Le fantasie catastrofiche che si profilano lungo questo orizzonte si riflettono nel processo iconoclastico della psiche, che vorrebbe infrangere quest’idolo di mondo meccanico e senz’anima che ha tradito le aspettative della società occidentale. L’immenso edificio, incrinato dalla inquietante rappresentazione della pandemia, nelle nostre fantasie è esploso in mille pezzi e si è ridotto in polvere. E’ grazie a questo sconvolgimento di cui si sta prendendo coscienza, a questa immagine di mondo agonizzante, che va apparendo una forma di riconoscimento dell’anima del mondo: un’anima che sollecita il nostro cuore a rispondere in extremis, a preoccuparci per il mondo, facendo rinascere l’amore verso questo. Dove c’è patologia c’è psiche e dove c’è psiche c’è eros. Le cose del mondo, gli eventi ordinari – fatti di incontri con gli amici e di attività ricreative, di rilassanti serate nei ristoranti e dei fine settimana con i parenti fuori regione – tornano ad essere preziosi, desiderabili nella loro sacralità. Certo, non saranno i movimenti ecologici, il Recovery Plan, la futurologia, il transumanesimo, o la tecnologia hi tech che da soli riusciranno a salvare il pianeta dalla catastrofe insita nella nostra idea di mondo. Queste azioni vanno riaccorpate in una visione cosmologica e messe in movimento da un gesto animico che, al di là delle misure pratiche, sia in grado di condurre alla sorgente del pericolo che incombe sul nostro mondo: la fatale negligenza nei riguardi dell’”anima del mondo”, la sua rimozione. Quest’anima non è presente nella tradizione dell’illuminismo settecentesco, né in quella dello scientismo dell’Ottocento, ma neanche nel pensiero del positivismo, del materialismo, del secolarismo e del personalismo.
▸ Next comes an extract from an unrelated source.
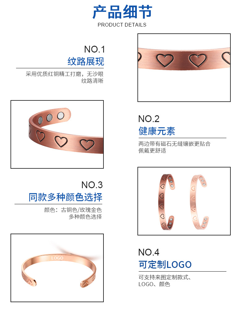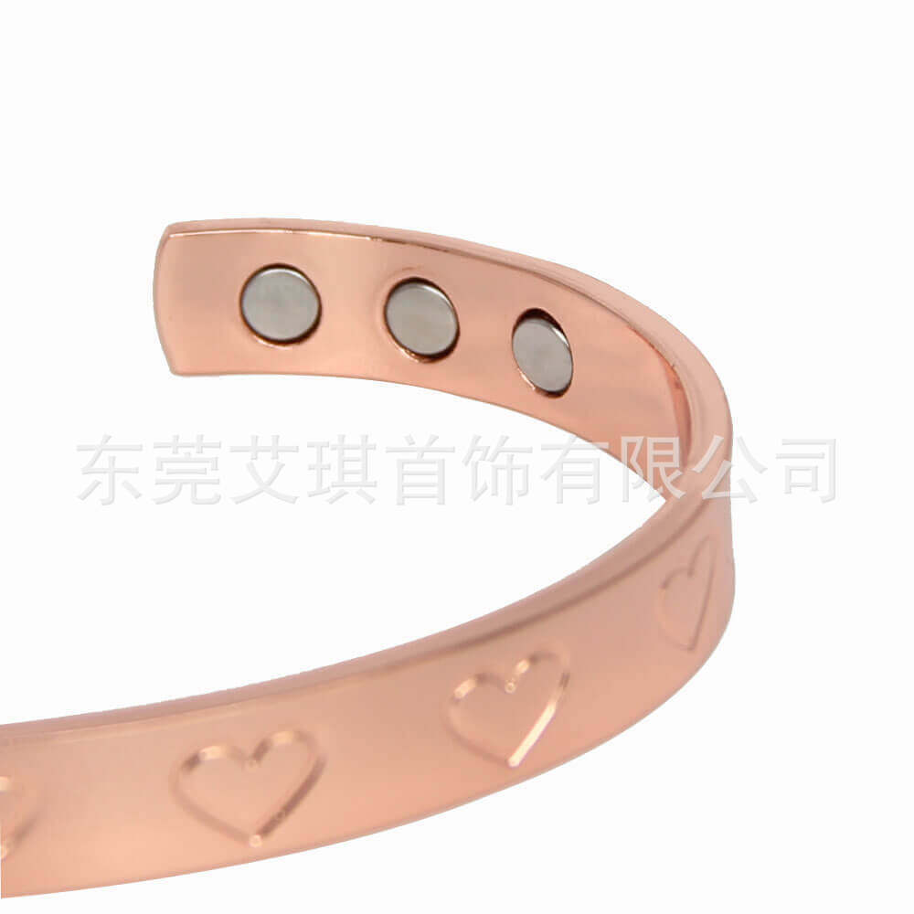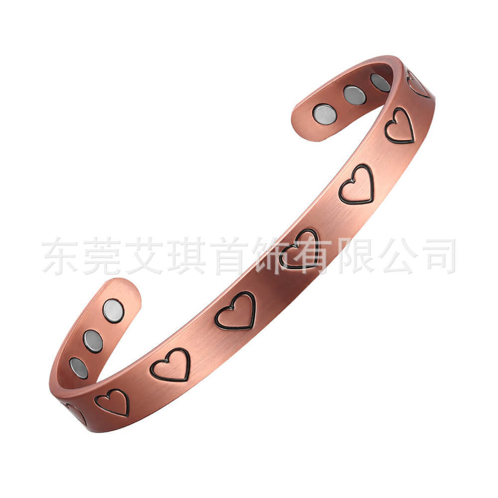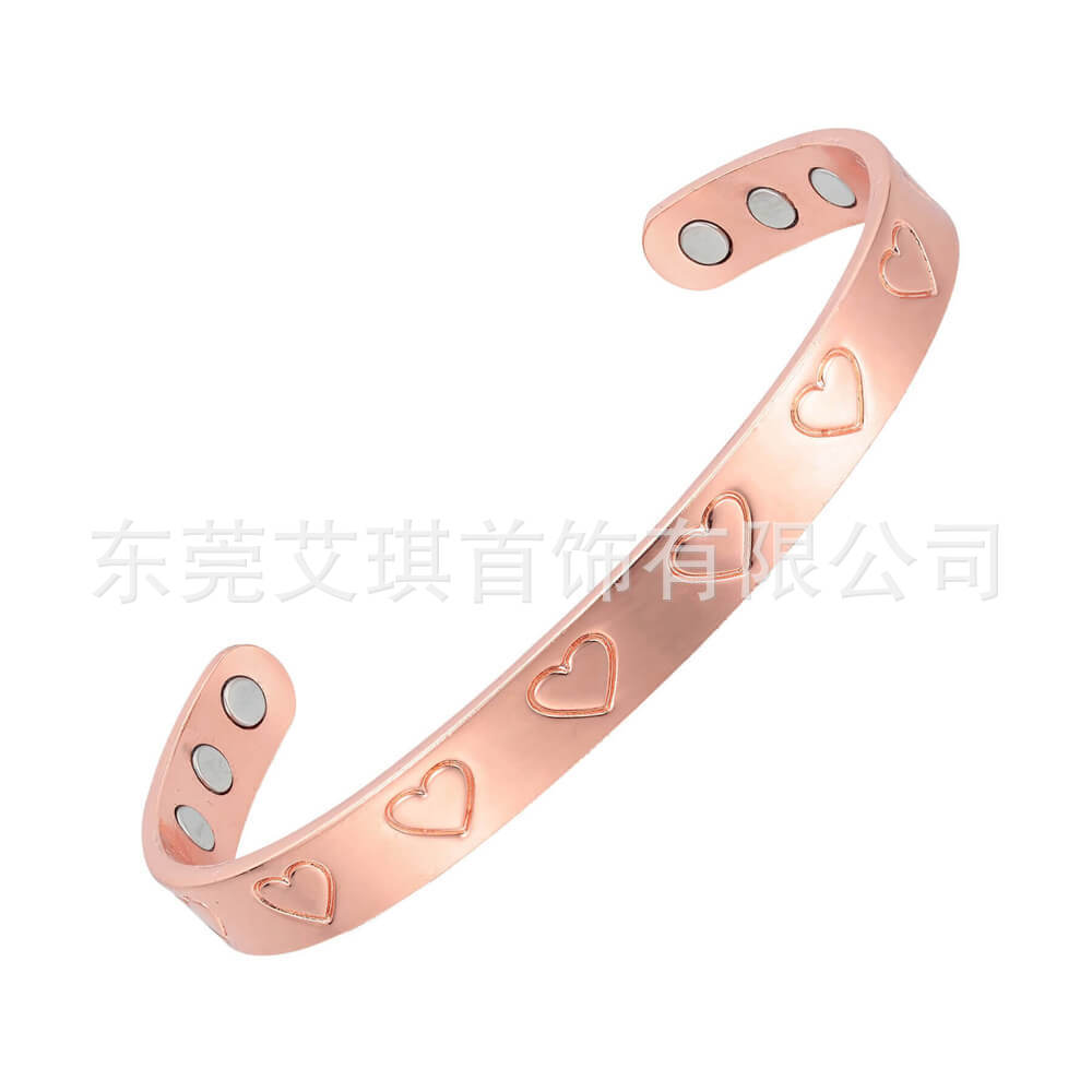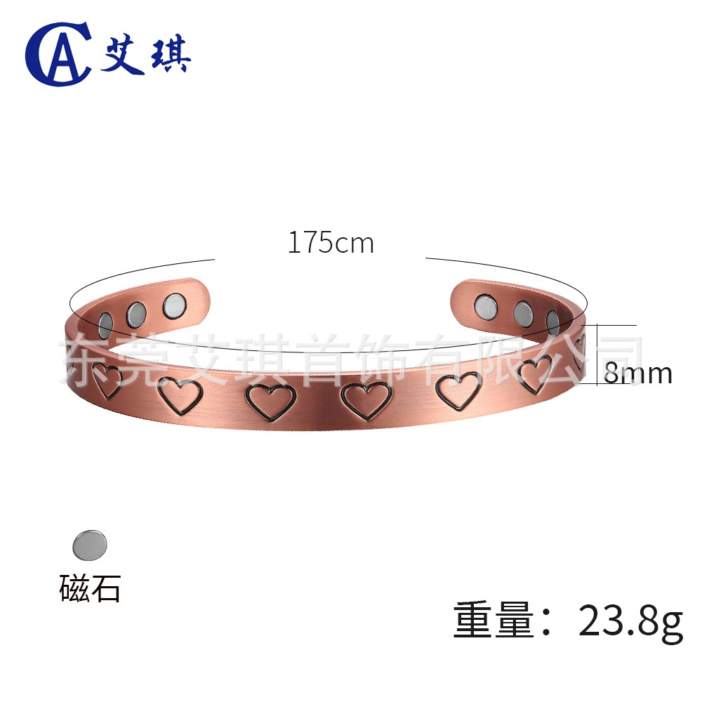 外贸热销纯红铜手镯简约复古红铜手镯女款爱心开口磁性能量铜手镯

Non possiamo muoverci nella direzione dell’”anima del mondo” se non abbiamo spostato lo sguardo nella direzione che dà valore all’anima prima che alla mente, all’immagine prima che al sentimento, al locale prima che al globale; e ancora all’immaginazione prima che ai concetti, all’Anima prima che all’Io. Per fare questo dobbiamo rinunciare all’obsoleto gioco degli opposti: soggetto-oggetto, destra-sinistra, maschile-femminile, mente-corpo. Per ottenere ciò sarà necessario che gran parte di quello a cui oggi teniamo tanto, vada in frantumi per far fluire “l’emozione” sull’intero mondo. E’ grazie alla rottura di questi vasi, a questa forma di Reset globale – che ciascuna persona deve compiere in se stessa prima di chiederlo alle istituzioni – che potremo restituire al mondo ciò che gli abbiamo strappato quando abbiamo rinchiuso dentro di noi la sua anima. Solo allora potremo essere certi che il processo di rinascita sarà esercitato nella più completa autonomia da una umanità che non aspira al transumanesimo, ma che desidera rimanere se stessa, conservando la sua preziosa umanità, senza l’intervento di elementi di forzatura, di frode o di inganno, di costrizione, esagerazione o altra forma di obbligo.